I have a single stem that hasn't been affected by this- it's floating.

Water:
PH - 7.4-.6(Hard water, don't remember the numbers for it.)
Ammonia - .25
Nitrite - 0
Nitrate - 5

If anyone has any idea of what has caused this- thank you in advance! ^.^


----------



## chips2041 (Jul 24, 2014)

Check the light. Myrio might not be getting enough light or maybe Myrio needs a trim. 
Lights also tend to lose strength over time....minor changes our eyes aren't always able to notice. Try changing the light(s) as well.
If Myrio isn't new to the tank, it's probably the light. Hope that helps.


----------



## Kaffrin (Apr 1, 2014)

I'm using a single 23watt 6500k bulb that is only a few months old. The rest of the plants are doing fine, but maybe it's just not enough! I do have another 23 watt bulb.. but that will be overkill to add, lol.

The melt started from the bottom up- sorry for not mentioning this earlier!


----------



## chips2041 (Jul 24, 2014)

Sounds like light. Try moving some of the floating plants to ensure that the light isnt being blocked.
Most lights are recommended to be replaced every 6 months...so the light bulb itself should still be ok.
Nitrates can be 20 or lower, but with plants 10 should be the average. They need plenty of food to eat.
If you are using soil, do you do fertilizer readings? 
Myrio requires moderate-high light with everything I can find on it. (5000-7000k -- 2-3 watts per gallon depending on the efficiency of the light -- CFL's and LED's obviously take less power then others). So no shade for this one.


----------



## Islandgaliam (Jan 27, 2014)

Do you use fert's?


----------



## Kaffrin (Apr 1, 2014)

I am not sure what you mean about the fert readings (I do use soil). I use these ferts: Root tabs and dose flourish comprehensive 2x a week. I will try to bump up the light a bit and keep the area free of shade.


----------



## rpadgett37 (Jan 1, 2014)

What type of soil and what root tabs are you using? Are the roots of the plant black?


----------



## Kaffrin (Apr 1, 2014)

Osmocote+ DIY tabs and organic top soil. Roots are white.


----------



## rpadgett37 (Jan 1, 2014)

That's good the roots aren't black.
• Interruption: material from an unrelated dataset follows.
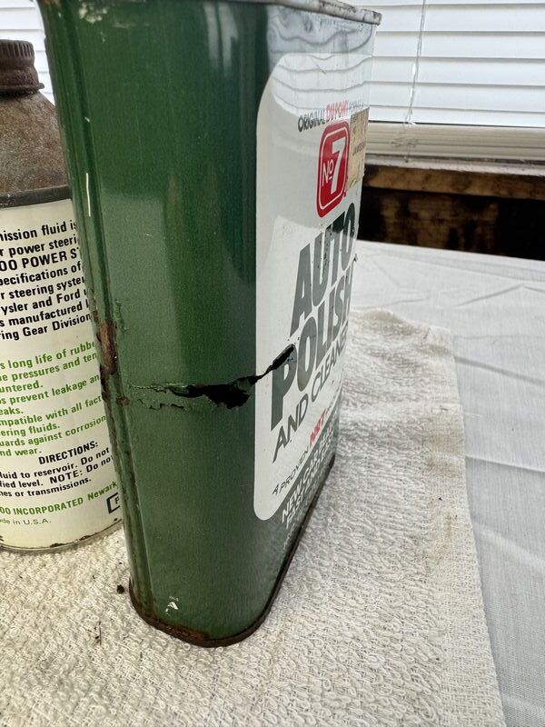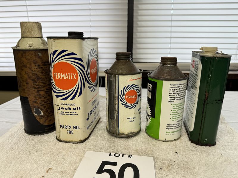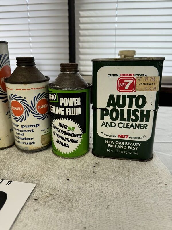 Belkamp ignition battery sealer, Permatex hydraulic jack oil and water pump lubricant, Siloo power, steering fluid and Dupont auto polish. All cans have rust tarnish on them. The Dupont has a hole in it. Some still have liquid inside the cans sold as is.

Helps narrow it down a little. 

I think the lighting is fine. When the plant turns pale or white, it is an indicator it isn't getting enough Fe or trace. The trace is covered, but if you have nothing blended with the soil (like red clay), it may be deficient in Fe. The Osmocote + does not put iron in the soil.


----------



## Kaffrin (Apr 1, 2014)

I did dose flourish comp a few days ago. The only other funky thing that may have entered the water was a rock I placed in there. It was a solid white rock that seemed to flake white bits, so I took it out. But the Myrio had already begun melting before the rock was placed into the tank.


----------



## rpadgett37 (Jan 1, 2014)

I edited my post after you read it. Sorry about that.

It was probably coincidence regarding the rock. I don't think that had anything to do with it.


----------



## chips2041 (Jul 24, 2014)

Do you do Carbonate Hardness and General Hardness readings?
Do you check nitrogen, phosphorus(careful with this one) and Potassium?
When was the last time you did a water change?
Water temp look good?


----------



## Kaffrin (Apr 1, 2014)

The tank is cycled (10g) so I do w/c once a week 30% - 5 Days ago was the most recent w/c
Temp fluctuates without a heater (Removed during the start of summer): 78-82
I don't have readily available ways to test the rest :/


----------



## chips2041 (Jul 24, 2014)

I think rpadgett mentioned it. It could be iron. There are some root tabs that will add iron to the soil. I think api makes some.


----------